SUPPLIED MATERIAL:
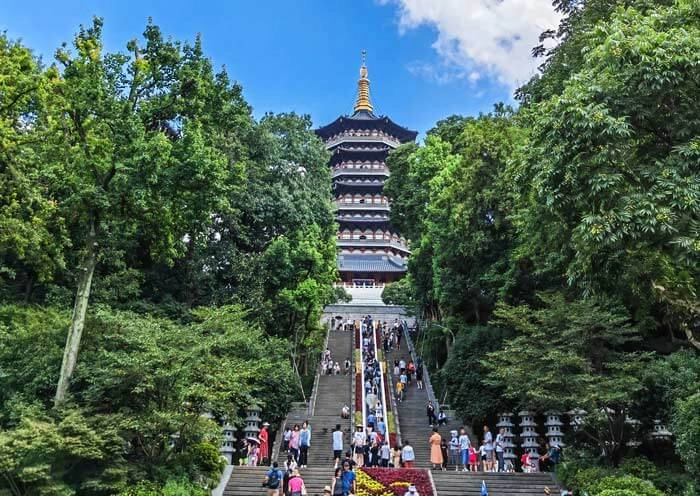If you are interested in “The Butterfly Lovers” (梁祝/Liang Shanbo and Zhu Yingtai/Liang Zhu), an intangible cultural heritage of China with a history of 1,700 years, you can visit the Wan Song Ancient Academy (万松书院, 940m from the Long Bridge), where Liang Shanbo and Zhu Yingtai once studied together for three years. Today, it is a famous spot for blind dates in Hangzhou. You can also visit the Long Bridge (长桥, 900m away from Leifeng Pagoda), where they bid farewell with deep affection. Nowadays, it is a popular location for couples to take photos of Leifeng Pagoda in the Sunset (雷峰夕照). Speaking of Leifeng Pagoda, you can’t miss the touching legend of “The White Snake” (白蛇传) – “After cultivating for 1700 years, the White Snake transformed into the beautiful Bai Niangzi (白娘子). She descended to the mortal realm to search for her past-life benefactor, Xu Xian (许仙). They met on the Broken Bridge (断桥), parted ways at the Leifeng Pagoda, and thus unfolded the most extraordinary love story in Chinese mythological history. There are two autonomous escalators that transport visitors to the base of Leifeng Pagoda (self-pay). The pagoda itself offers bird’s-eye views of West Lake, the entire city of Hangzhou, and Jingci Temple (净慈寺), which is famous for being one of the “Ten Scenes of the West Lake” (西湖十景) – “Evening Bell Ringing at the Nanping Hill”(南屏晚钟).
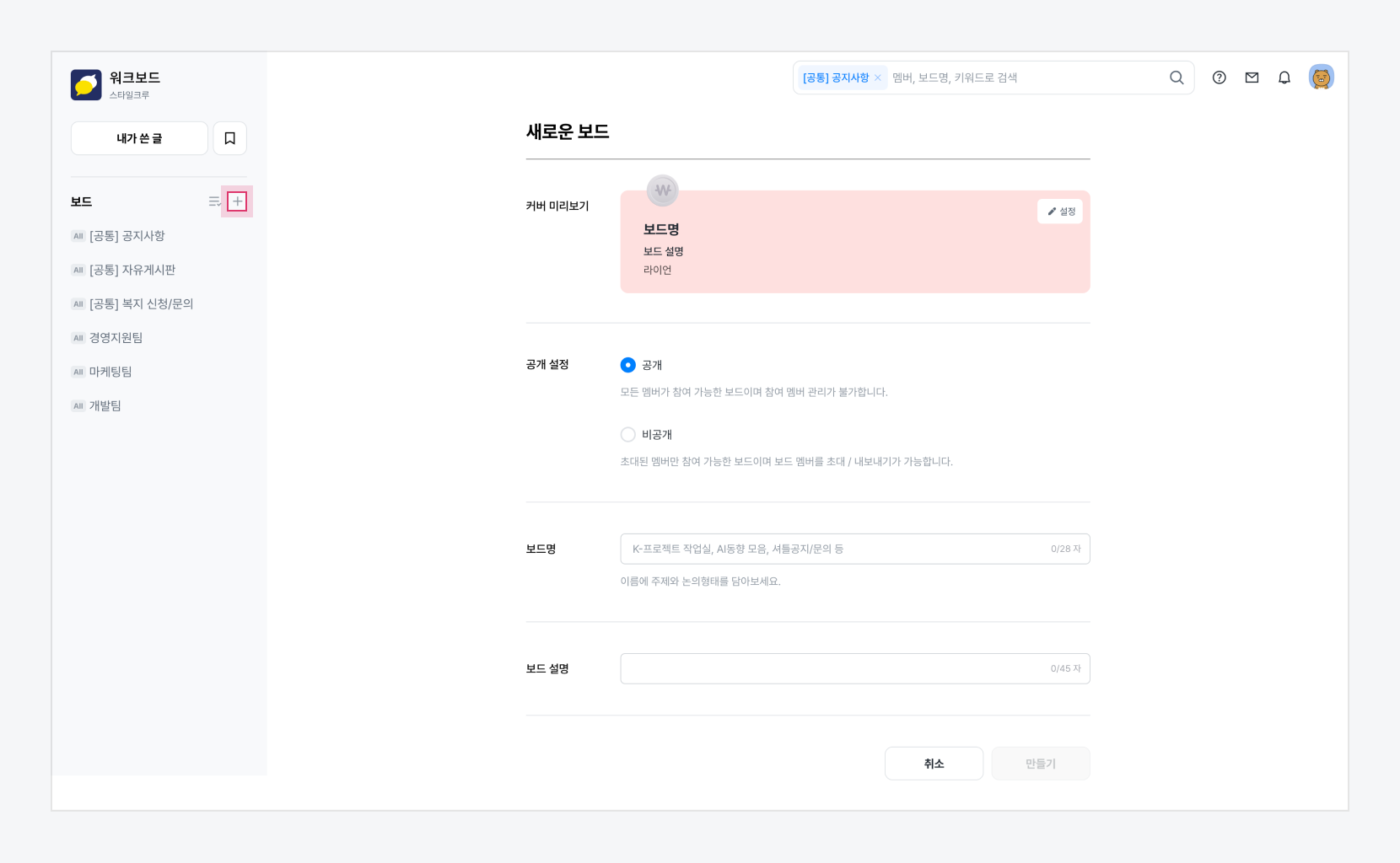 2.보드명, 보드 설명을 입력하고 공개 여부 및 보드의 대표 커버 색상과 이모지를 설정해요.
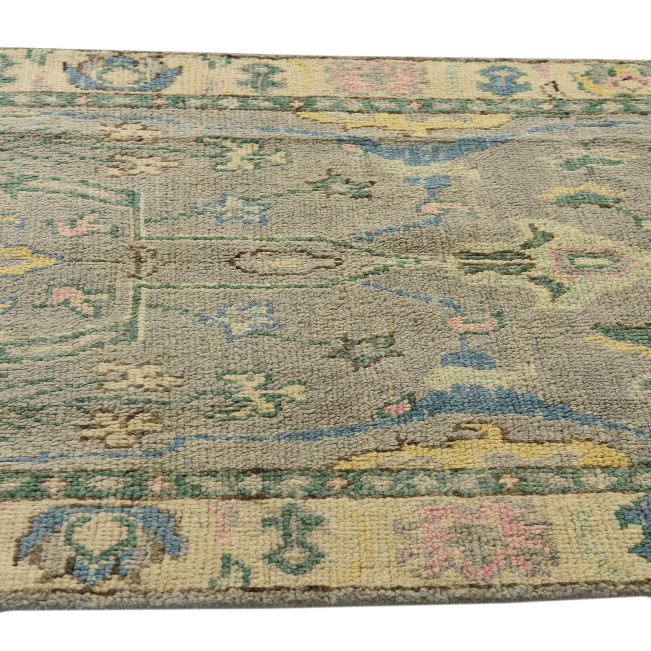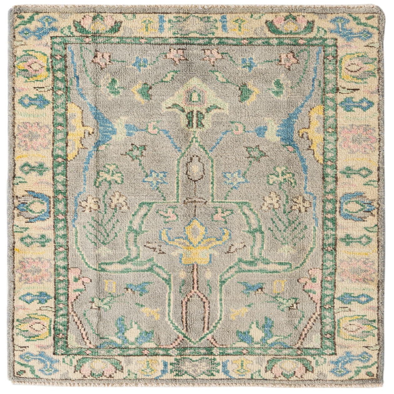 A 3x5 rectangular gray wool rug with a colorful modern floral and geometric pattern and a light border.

WORK INSTRUCTION:
Would you restate all of the data above word for word, omitting the pictures?

FINAL ANSWER:
If you are interested in “The Butterfly Lovers” (梁祝/Liang Shanbo and Zhu Yingtai/Liang Zhu), an intangible cultural heritage of China with a history of 1,700 years, you can visit the Wan Song Ancient Academy (万松书院, 940m from the Long Bridge), where Liang Shanbo and Zhu Yingtai once studied together for three years. Today, it is a famous spot for blind dates in Hangzhou. You can also visit the Long Bridge (长桥, 900m away from Leifeng Pagoda), where they bid farewell with deep affection. Nowadays, it is a popular location for couples to take photos of Leifeng Pagoda in the Sunset (雷峰夕照). Speaking of Leifeng Pagoda, you can’t miss the touching legend of “The White Snake” (白蛇传) – “After cultivating for 1700 years, the White Snake transformed into the beautiful Bai Niangzi (白娘子). She descended to the mortal realm to search for her past-life benefactor, Xu Xian (许仙). They met on the Broken Bridge (断桥), parted ways at the Leifeng Pagoda, and thus unfolded the most extraordinary love story in Chinese mythological history. There are two autonomous escalators that transport visitors to the base of Leifeng Pagoda (self-pay). The pagoda itself offers bird’s-eye views of West Lake, the entire city of Hangzhou, and Jingci Temple (净慈寺), which is famous for being one of the “Ten Scenes of the West Lake” (西湖十景) – “Evening Bell Ringing at the Nanping Hill”(南屏晚钟).
 2.보드명, 보드 설명을 입력하고 공개 여부 및 보드의 대표 커버 색상과 이모지를 설정해요.
 A 3x5 rectangular gray wool rug with a colorful modern floral and geometric pattern and a light border.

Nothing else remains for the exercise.